The Procurement Desktop Enterprise (PD ^e ) Public API offers a single, comprehensive and open programmatic interface suitable for integrating PD ^e with customer systems, other AMS products and partner products. This document presents an architectural overview of the PD ^e Public API as a survey to show the considerations on which we based our decisions and the basic parts of the architecture.

The overall goals of the next generation version of PD ^e are to move from a tightly coupled, multi-point integration approach and to meet the market need for integration choice—the power to choose how, and by whom, integration is accomplished. More specifically, when laying out this architecture, we identified a number of individual goals. These require that the application be:

We hope to show that the architecture described here satisfies these goals as we describe it from various aspects in this paper.

From the standpoint of integration with other applications and processes and the Public API presented to the outside world, the architecture of PD ^e is one of layers. A graphical depiction of this architecture is shown in Figure 1 below.

Figure 1. A Layered View of the Integration and API Architecture of PD ^e

The foundation layer is the business object/rules layer, composed of J2EE business objects. These objects provide the functionality of the PD ^e application, and mediate all modifying (create, update, delete) access to the application database, ensuring that data integrity is maintained. That is, all manipulation of the database is governed by a single set of processes, so that there can be no discrepancies in the way data placed in the database is interpreted, as it might be were there to be two different sets of business rule operations running against the database. Maintenance of the application is thereby rationalized and simplified.

Next up in the hierarchy of layers is the internal API of the application. Much of this is provided directly by the business objects. However, there is a need to provide aggregation and service interfaces to other parts of the application, so some of the internal API is provided as a layer on top of the base business objects. There is a facility, for instance, for providing introspection into the functionality and information of the system that is useful in creating EAI adapters for the application.

The Public API layer is a consumer of the private API. It does not directly interact with the database so that database consistency can be ensured. Architectural consistency required that we not create components of the application that violated the principle established for having a single business rules layer that mediates all modifying access to the database. This layer is the focus of this paper, and aspects of the architecture of the Public API are discussed in rest of this paper. Internally, the Public API is itself structured into two layers, a base layer and an application layer. The base layer provides common and reusable technical building blocks that can be used to create API’s for other AMS J2EE applications. The application layer provides application-specific refinements to the base layer to create a specific application’s Public API, as with PD ^e . It is in this layer that the Public API interacts with the PD ^e business rules layer.

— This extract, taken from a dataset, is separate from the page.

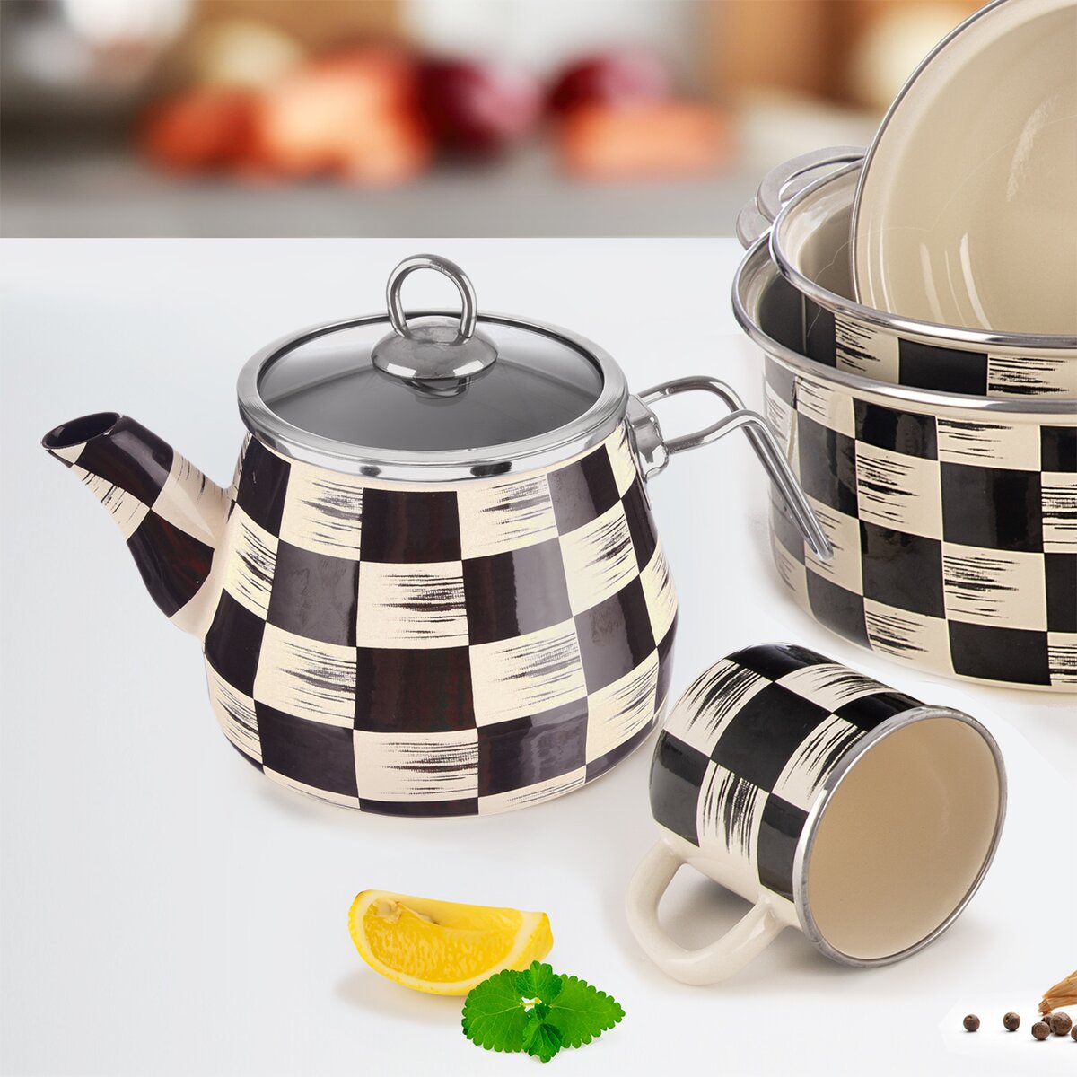 Kód produktu 113523Smaltovaný čajník ŠACHOVNICE o objemu 2 l je vhodný k ohřevu vody na všech typech sporáků včetně indukce.

The next layer up in the integration architecture of PD ^e is the EAI adapter layer. This layer provides the necessary software adapters that allow PD ^e to play in integrations built using EAI tools. In addition to providing the transformations needed to match specific XML standards or message formats required for integration into existing business processes, this layer also allows PD ^e to participate in complex operations leveraging the message brokering capabilities provided by contemportary EAI tools. AMS includes webMethods adapters and brokers as a part of its application suite, and can integrate with others either by coupling EAI integration environments (integrating integrations) or by supporting the creation of adapters for other EAI tools through the Public API. EAI capabilities are an important complement to the Public API, which provides the potential for integration, but does not include the complex machinery needed to couple many disparate applications with mismatched semantics.

The final layer in this architecture is the consuming application. Such applications can connect to the Public API to accomplish business processes that require tasks to be accomplished by PD ^e in addition to their own capabilities, or to provide services to PD ^e . The use of the Public API can be accomplished by the use of a variety of tools, and does not require that a consuming application commit to any of the tools used by AMS in creating the PD ^e application and its Public API.

The architects of the next generation of the product, in looking for an open and standards based approach to providing a Public API, had looked to the existing distributed technologies: COM/DCOM, CORBA and Java. The decision to move to a cross-platform middle tier and build the application using the Java 2 Enterprise Edition (J2EE) technologies ruled out the use of COM/DCOM and Microsoft-exclusive technologies. Initially, the architecture group settled on CORBA as the foundation, as this would provide the openness desired for the API—developers of other applications would not be required to use Java to talk to PD ^e but would see the application as just another CORBA API. With the rise and maturation of Web Services technologies, and the decision to eliminate a rich Swing client, it became apparent that the earlier distributed technologies like COM/DCOM, CORBA, and Java RMI were not succeeding in creating the kind of large scale, loosely-coupled distributed applications that we wished to make PD ^e a part of.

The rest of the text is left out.